I have a profound regret for what was lost in the transition to the Windows/Unix & C worlds. We've gained in the transition, but what was lost is so much disregarded with the `popularity=useful` metric that is so common.

wingo · on March 12, 2012

Much love for lisp machines, but stack machines do not offer any performance advantages over register machines, and actually make optimization much harder. See Ungar's 1993 thesis on the Self 93 compiler for an early realization of this, where he examines what microcode / register windows / etc could do for him, and how he was able to do just as well with registers.

_19qg · on March 12, 2012

Several RISC chips for Lisp Machines were under development. Xerox, Symbolics (Sunstone), University of California (SPUR), had projects for that. The AI winter then killed it. The Lisp Machines then were ported as emulators to ALPHA (Symbolics), SPARC (Interlisp) and other processors.

"Also, note that the Sunstone project did address many of the competitive concerns, especially the continual mention of Sun in this analysis. The Sunstone project included a chip design for a platform meant to run Unix and C, as well as Lisp. It was a safe C exploiting the tagged architecture, for example, to allow checking of array bounds. And the Sunstone project was being produced on-time. But to back up the analysis of Symbolics’ priorities, it was cancelled as we were getting the first chips back from LSI Logic."
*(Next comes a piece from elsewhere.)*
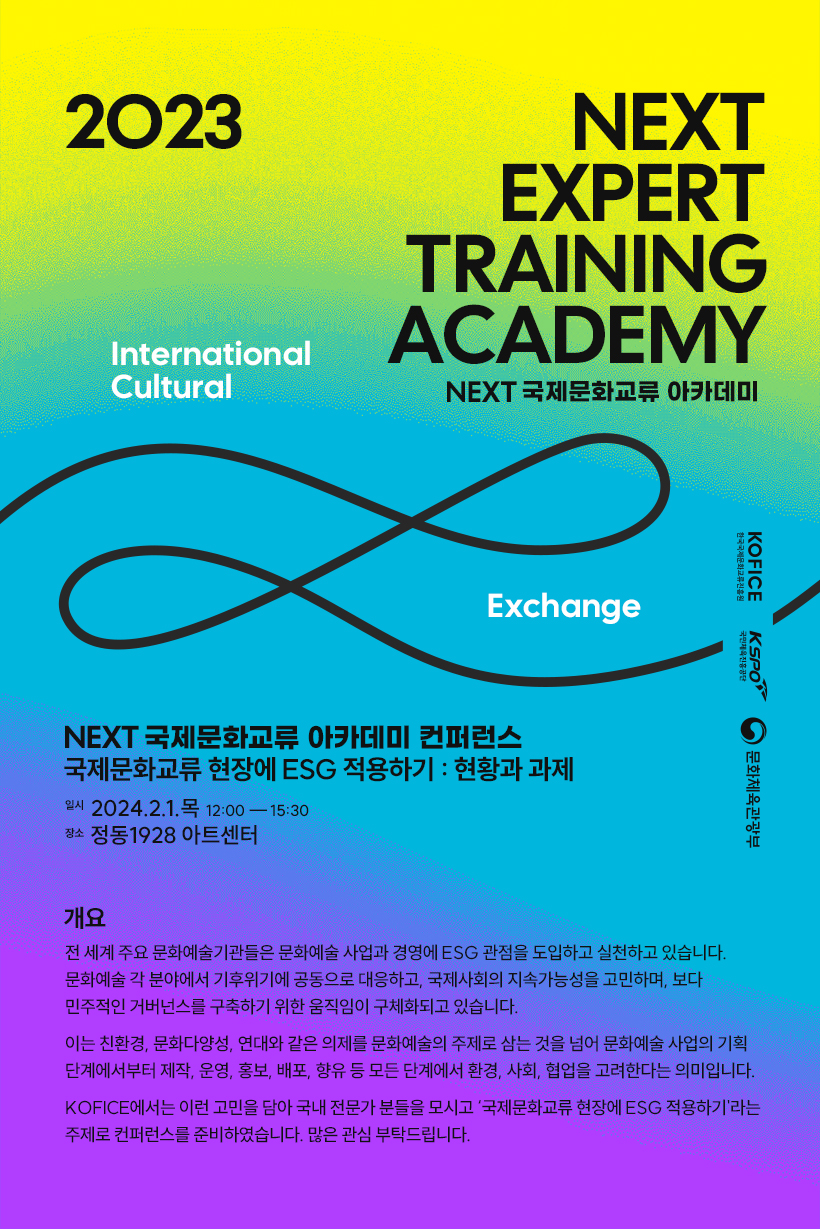 이러한 기후비상사태에 대응하는 전 세계 문화예술기관들의 기후 어젠다와 행동주의 전략이 한국의 문화예술 공공기관에서 채택한 ‘ESG 경영’의 맥락과도 본질적으로 상통하는 것으로 볼 수 있을까? 지난 2월, 필자는 한국국제문화교류진흥원에서 주최하는
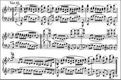 Variation XXIII und Variation XXIV Die beiden vivace zu spielenden Variationen bilden ein ineinander übergehendes Variationenpaar mit identischer Form. Sie stehen im 12⁄8-Takt und ähneln dadurch der zehnten Variation, in der die vier Dreiereinheiten eines Taktes allerdings als Triolen notiert sind. Ihre Vordersätze stehen auf einem Orgelpunkt (Variation XXXIII) beziehungsweise auf einer Bordunquinte (Variation XXIV) und pendeln zwischen dem B-Dur-Dreiklang und dem manchmal vollständigen, manchmal unvollständigen verminderten Septakkords a-c-es-ges. Die Nachsätze beginnen mit der Dominante und bringen danach den Quartsextakkord ges-c-es. Kurz darauf wird das ges zum fis enharmonisch umgedeutet, wodurch sich ein chromatisch aufwärts drängender Bass vom Fbis zum B ergibt. Beide Variationen haben nahezu denselben dynamischen Verlauf, der im Ansatz leise ist, immer wieder kurze Crescendi zum forte verlangt und insgesamt von leise nach laut führt. Im Wesentlichen ist die fünfzehnte Variation eine figurierte vierzehnte Variation. Deren aus Achtelnoten bestehende gebrochenen Akkorde werden teilweise mit 16tel-Noten aufgefüllt. Dadurch entsteht in der fünfzehnten Variation eine stringente durchlaufende 16tel-Bewegung, die ohne eigentliches Ende am Ende mit der Terz ges-b den verkürzten Sextakkord der Mollsubdominante bringt. Ihm folgt ohne Halt das klare B-Dur der letzten Variation. |

javascriptlol · on March 12, 2012

And then we'd have had people writing applications that Lisp isn't suited for complaining at what could have been if only we'd gone with a simple register architecture. Don't get me wrong - I believe in owning the whole stack, and I'd love to see some Lisp machines. I fully believe that something like this may reappear in the future. But let's not kid ourselves: none of these singular visions of simplicity is going to be good enough for everything.

rayiner · on March 12, 2012

It's not necessarily the case that Lisp machines would be the only way. I'd think more like what Intel is doing these days, adding instructions to SSE to speed up things like string processing.